LKH with GPX2 obtained better performance than LKH with IPT for 13 out of 14 instances in the experiments with 10 trials (Table 6) and for 9 out of 14 instances in the experiments with 1000 trials (Table 7). GPX2 resulted in better performance because it was able to find many more recombination opportunities that improved the current best solutions. When GPX2 is applied after IPT in LKH, it finds many recombination opportunities missed by IPT (see Tinós, Helsgaun, et al., 2018). When IPT is applied after GPX2, IPT usually cannot find recombination opportunities missed by GPX2. In the few cases where IPT applied after GPX2 was able to find additional recombination opportunities this can be explained by two factors: the limit $nr$ used in fusion type 2, and the order in which GPX2 applies fusions which results in different ways of finding recombining components.

Finding more efficient recombination opportunities generally results in better performance. However, Tables 6 and 7 show that LKH with IPT can sometimes yield better results even when it finds fewer opportunities for recombination. Solutions obtained by recombination influence the future direction of the search, and sometimes LKH with IPT finds just the right mix of recombination, local search and soft restarts which results in better performance.

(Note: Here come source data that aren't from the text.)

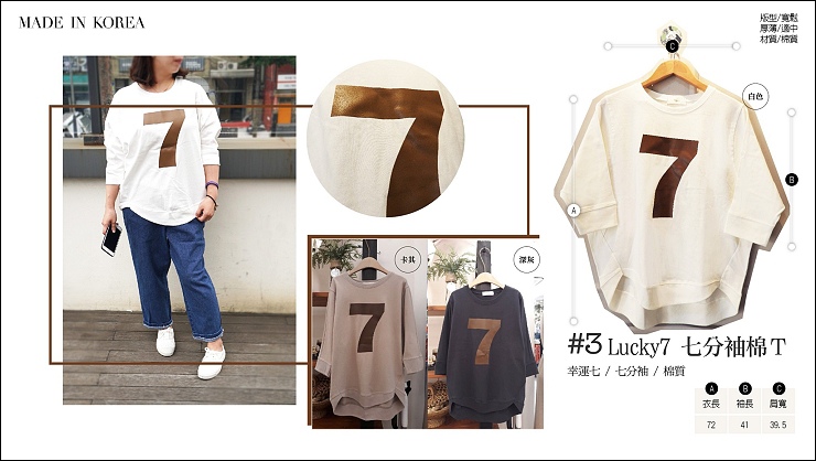 LUCKY 7,這件上衣也是簡單又有型!走率性風,搭牛仔褲整個很優閒~~另外兩色我也很喜歡,但現貨只剩白色有貨,如果想要其他兩色必須湊30件店家才給做喔。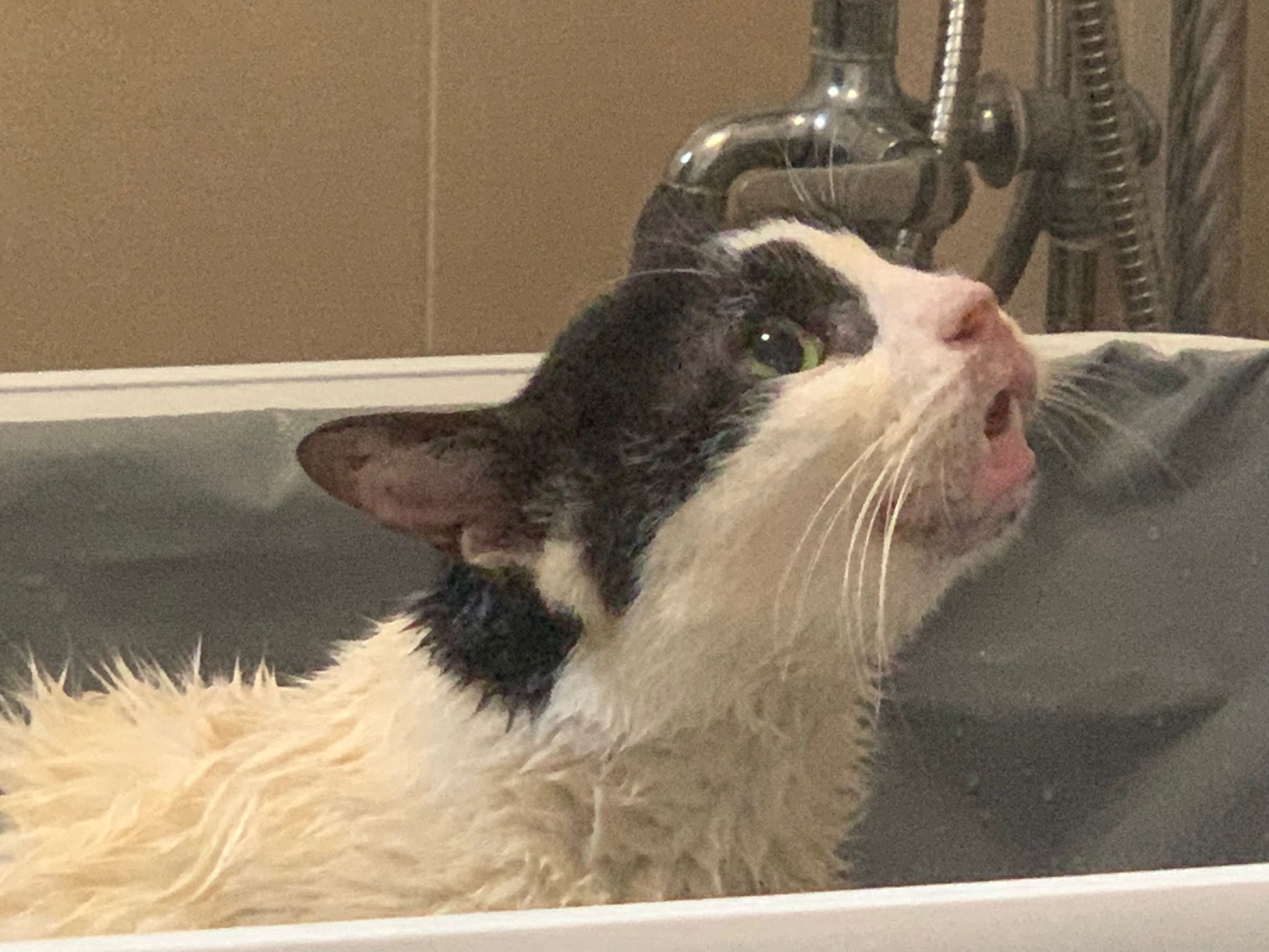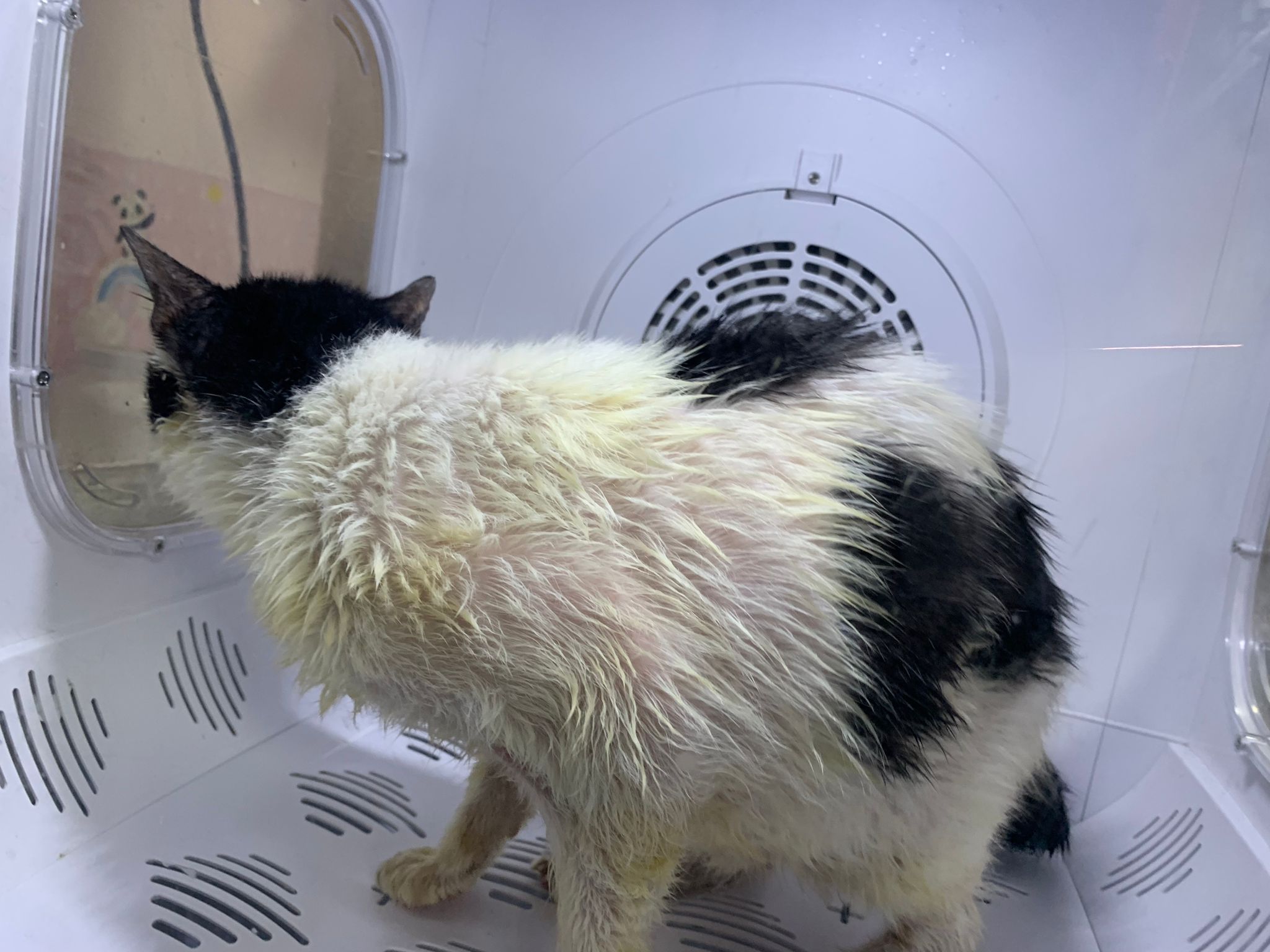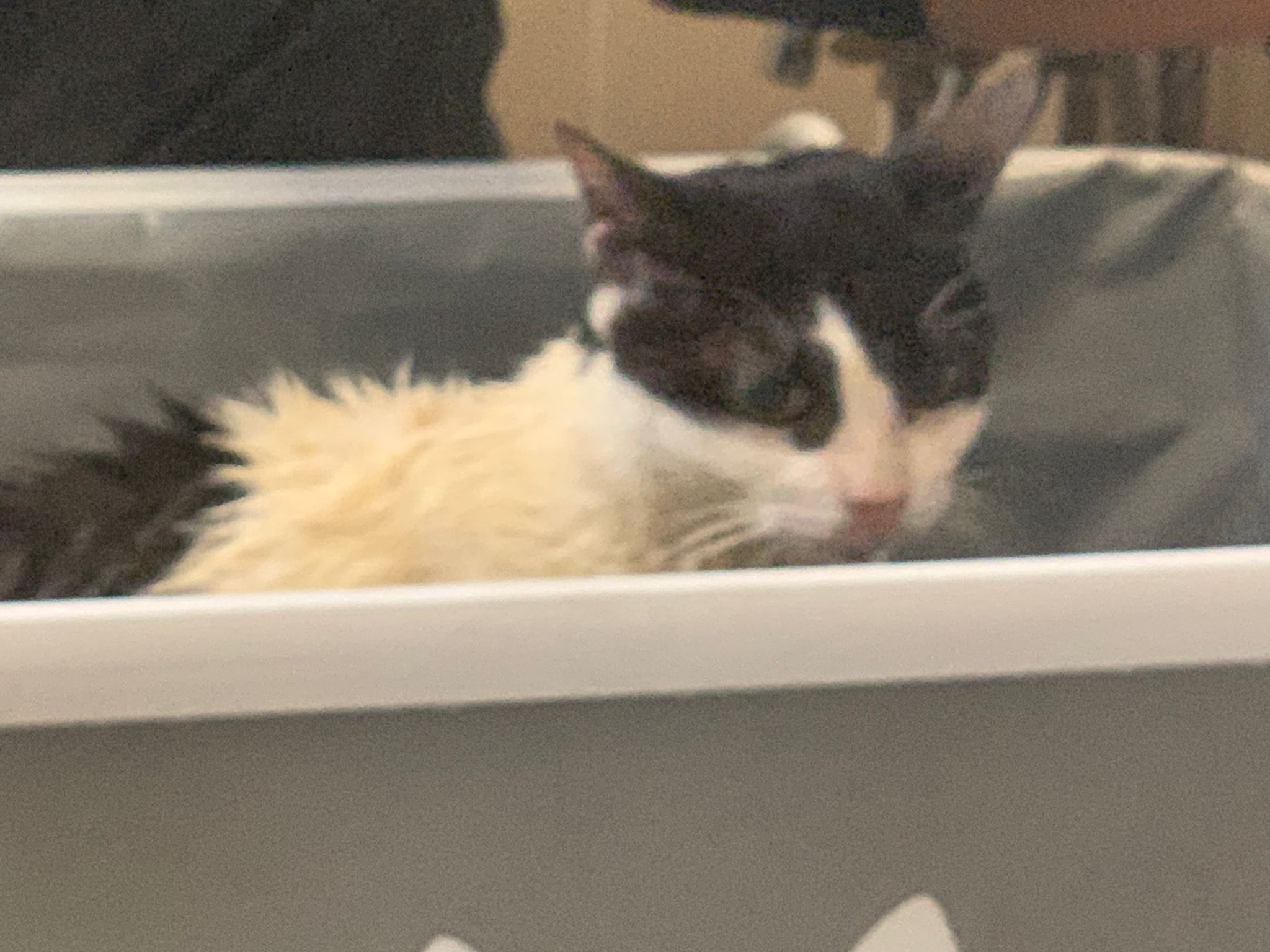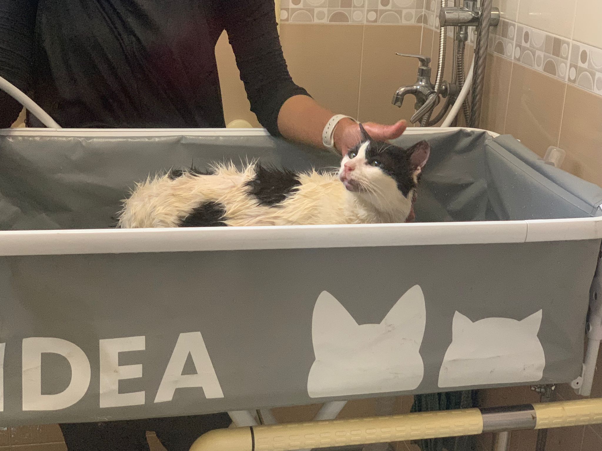 I release the felv gang and I bath myself v fast. then she shampoo 3 Times water black and her nails dirt all clean up and butt hole a little anal gland come out and clean up. Her fur so short till it dry quite fast, not much drying needed.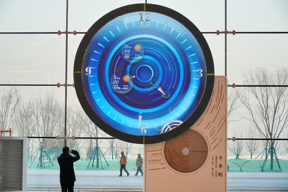 雄安站候車廳,一座「千年輪」吸引着往來旅客的目光。它的起始日期被設定為2017年4月1日——「雄安」第一次被公眾知曉的日子。「千年輪」的底座上,鐫刻着8個金色大字——「千年之計 始於當下」。齒輪不停地轉動,記錄下歷史前進的軌跡。

Table 8 shows the mean runtime for LKH with IPT and LKH with GPX2. Despite better results for the cost of the solutions, LKH with GPX2 generally resulted in higher mean runtimes: LKH with IPT presented smaller mean time for the runs for 8 out of 14 instances for the experiments with 10 trials and 10 out of 14 instances for the experiments with 1000 trials. This is also partly due to the use of fusions and is also partly a side effect of the optimized implementations. Despite the fact that the worst case complexity for IPT is $O(n2)$, the implementation of IPT in LKH is highly optimized and the average time is linear in $n$ (Tinós, Helsgaun, et al., 2018). The experimental results indicate that LKH with GPX2 yields lower runtime in very large instances. Table 8 shows that GPX2 resulted in lower mean time for runs in the four largest instances (E31k0, E31k1, usa115475, and monalisa100K) in the experiments with 1000 trials.

Table 8:
Mean time for the runs (in seconds) for LKH with IPT and LKH with GPX2. The best results are in bold.
10 trials1000 trials
ProblemLKH with IPTLKH with GPX2LKH with IPTLKH with GPX2
E10k0 8.21 7.86 263.96 299.15
E10k1 7.51 7.90 276.23 304.34
E31k0 29.95 29.10 1767.79 1713.40
E31k1 32.20 33.45 1858.27 1744.36
C10k0 7.45 8.18 389.63 406.23
C10k0 7.61 7.30 249.24 280.47
pia3056 1.32 1.29 56.01 63.41
dke3097 1.47 1.70 61.67 75.83
xqe3891 1.95 2.00 80.40 104.65
tz6117 3.23 4.14 188.36 237.77
ym7663 4.31 4.31 169.47 194.24
ar9152 9.55 10.65 723.72 849.78
usa115475 186.33 179.02 13664.19 13237.47
monalisa100K 201.14 203.23 19901.08 19061.51
10 trials1000 trials
ProblemLKH with IPTLKH with GPX2LKH with IPTLKH with GPX2
E10k0 8.21 7.86 263.96 299.15
E10k1 7.51 7.90 276.23 304.34
E31k0 29.95 29.10 1767.79 1713.40
E31k1 32.20 33.45 1858.27 1744.36
C10k0 7.45 8.18 389.63 406.23
C10k0 7.61 7.30 249.24 280.47
pia3056 1.32 1.29 56.01 63.41
dke3097 1.47 1.70 61.67 75.83
xqe3891 1.95 2.00 80.40 104.65
tz6117 3.23 4.14 188.36 237.77
ym7663 4.31 4.31 169.47 194.24
ar9152 9.55 10.65 723.72 849.78
usa115475 186.33 179.02 13664.19 13237.47
monalisa100K 201.14 203.23 19901.08 19061.51

## 5. Conclusions

GPX2 is a new form of efficient deterministic crossover which improves on earlier forms of partition crossover for the TSP. Partition crossover can be used to dramatically speed up search when used in combination with heuristics and metaheuristics. Our empirical results demonstrated how GPX2 can be used to improve the well-known LKH algorithm. In the experiments, GPX2 resulted in better performance when compared to IPT and GPX. Better performance is explained because GPX2 was able to find many more recombination opportunities than IPT and GPX.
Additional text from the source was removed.